No dobrze, mówi pan o uzbrojeniu, mówi pan o wyposażeniu, a ja pytam się, panie dyrektorze, co z tym tlenem? Dochodzą
różne sygnały, że tlenu zaczyna brakować. Jak to jest u pana w szpitalu?
Trzeba powiedzieć wprost - samego tlenu nie brakuje, bo póki co dostawcy
tlenu nie zgłaszają, że tego tlenu może zabraknąć. Natomiast zupełnie inną kwestią jest kwestia dystrybucji tego
tlenu, to jest pierwsze zagadnienie, które staje się pomału kłopotliwe. Czyli fakt, że dostawcy dysponują określonym taborem
samochodowym, a niestety tankowanie tlenu, rozwożenie, przepompowywanie do zbiorników
też trwa i momencie, w którym odbiorców jest zdecydowana większa ilość i ta
jakby ilość dostarczonego tlenu się zwiększa, no niestety te transporty stają się niewydolne. Ale
z tym sobie jeszcze jakoś radzimy. Zupełnie innym zagadnieniem, mimo że częściowo też zrobiliśmy tą pracę domową i w wielu szpitalach,
które nie miały wystarczającego wyposażenia w tlen, udało się przygotować tą instalację tlenową, jest kwestia
czegoś co na przykład, z czym mamy do czynienia w szpitalu uniwersyteckim. Nowoczesny szpital, ponad 1000
łóżek, który naprawdę ma możliwość w dowolnym miejscu na terenie szpitala prowadzenia tlenoterapii. Ale pojawia się pewnego
rodzaju "ale". To "ale" dotyczy podstawowych praw fizyki, mówiących o tym, że o ile ktoś zakładał, że będziemy prowadzić
tlenoterapię w każdym miejscu szpitala od szpitalnego oddziału ratunkowego, bloku operacyjnego po oddziały łóżkowe, to nikt
nie zakładał, że ta tlenoterapia będzie prowadzona jednoczasowo. W normalnych warunkach trzech, czterech, no może pięciu
pacjentów czasami korzystających z tlenoterapii i to stosunkowo na tych niewielkich przepływach tlenu na
oddziale to był standard szpitala uniwersyteckiego. W tym momencie na oddziałach covidowych większość pacjentów korzysta z
tlenoterapii.
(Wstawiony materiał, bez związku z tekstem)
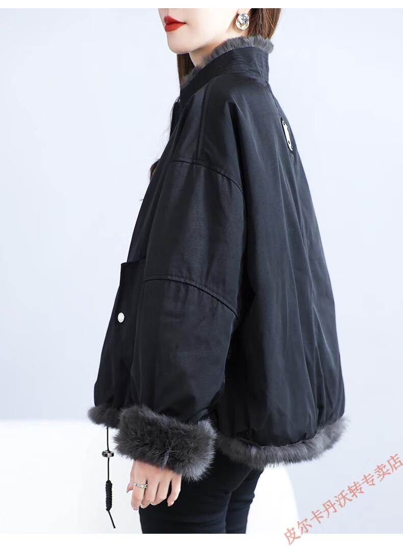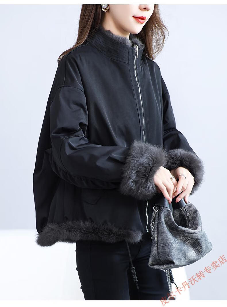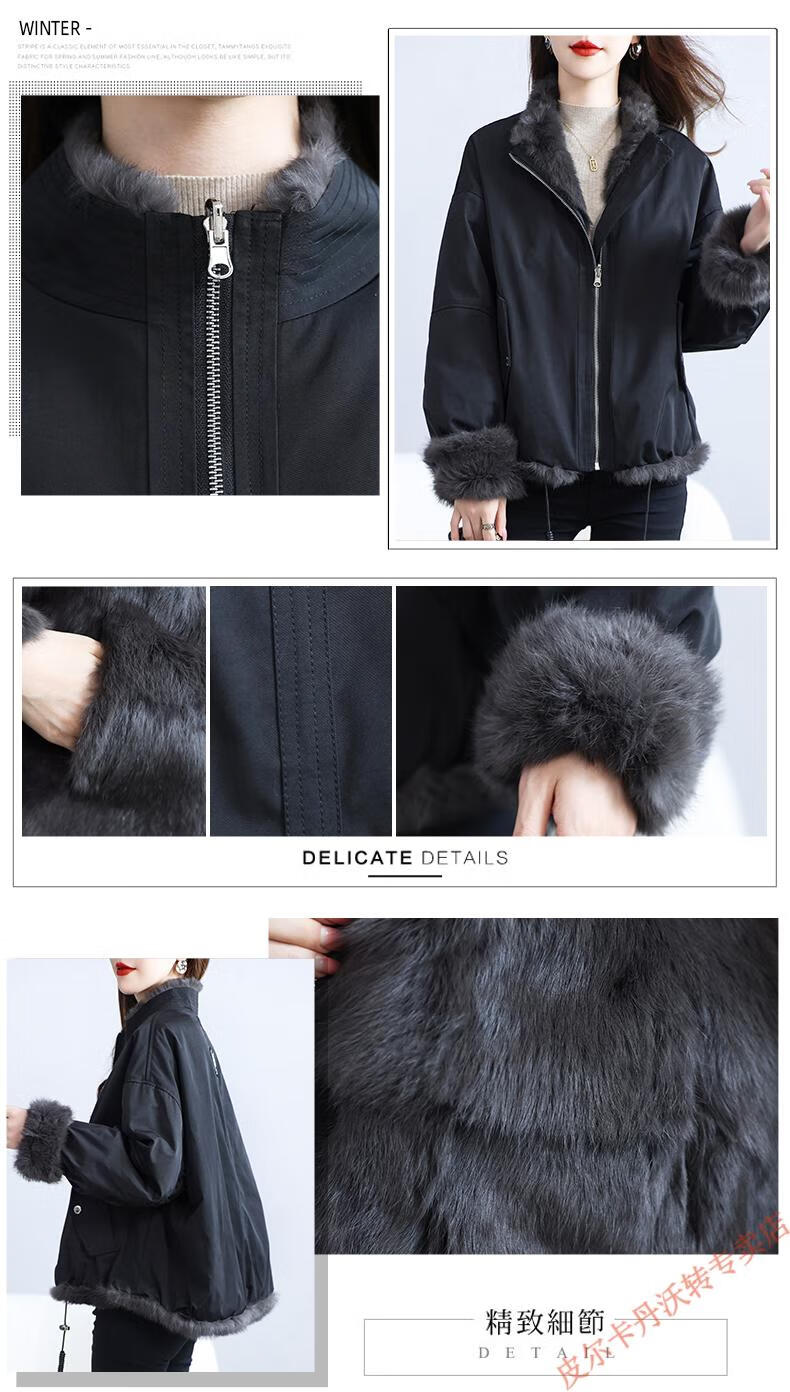 Pierre Cardin Whole Leather Genuine Rex Rabbit Fur Coat Women's 2025 Winter New Casual Western Style One-Purpose Reversible Party Overcoat Black L

I niestety moja smutna refleksja jest taka, że ostatnie dni pokazują, że na pytanie "ilu pan ma pacjentów?"
odpowiadam taką i taką ilość, aktualnie w szpitalu uniwersyteckim jest ponad 260 pacjentów, a ilu z tych pacjentów
korzysta z tlenoterapii? Odpowiedź brzmi niestety ponad 95% pacjentów. Są pojedynczy pacjenci,
którzy nie są podłączeni do tlenoterapii i to na przykład są pacjenci specjalistyczni chirurgiczni, u których jest na przykład COVID,
a doszło do złamania nogi, doszło do konieczności wykonania jakiegoś zabiegu operacyjnego. To są jedyne przypadki pacjentów,
którzy z tlenu nie korzystają. Pozostali z tego tlenu korzystają i niestety, ponieważ instalacja ma swoje
naturalne ograniczenia - średnica rury i co za tym idzie możliwość przepływu tlenu jest ograniczona - zbliżamy się do
granicznych wielkości tych przepływów, które mogą powodować dwie rzeczy. Przede wszystkim istnieje jakieś realne
ryzyko awarii z jednej strony, a z drugiej strony może się okazać, że w którymś momencie ta możliwość
dostarczania tego tlenu do pacjentów niestety też się wyczerpie. I to jest dla nas jakieś bardzo duże wyzwanie. Próbujemy
dywersyfikować, próbujemy rozdzielać oddziały covidowe, tak żeby w różnych budynkach się znajdowały. No tylko, że niestety tych oddziałów covidowych
mamy coraz więcej i tego zużycia tlenu też mamy coraz więcej.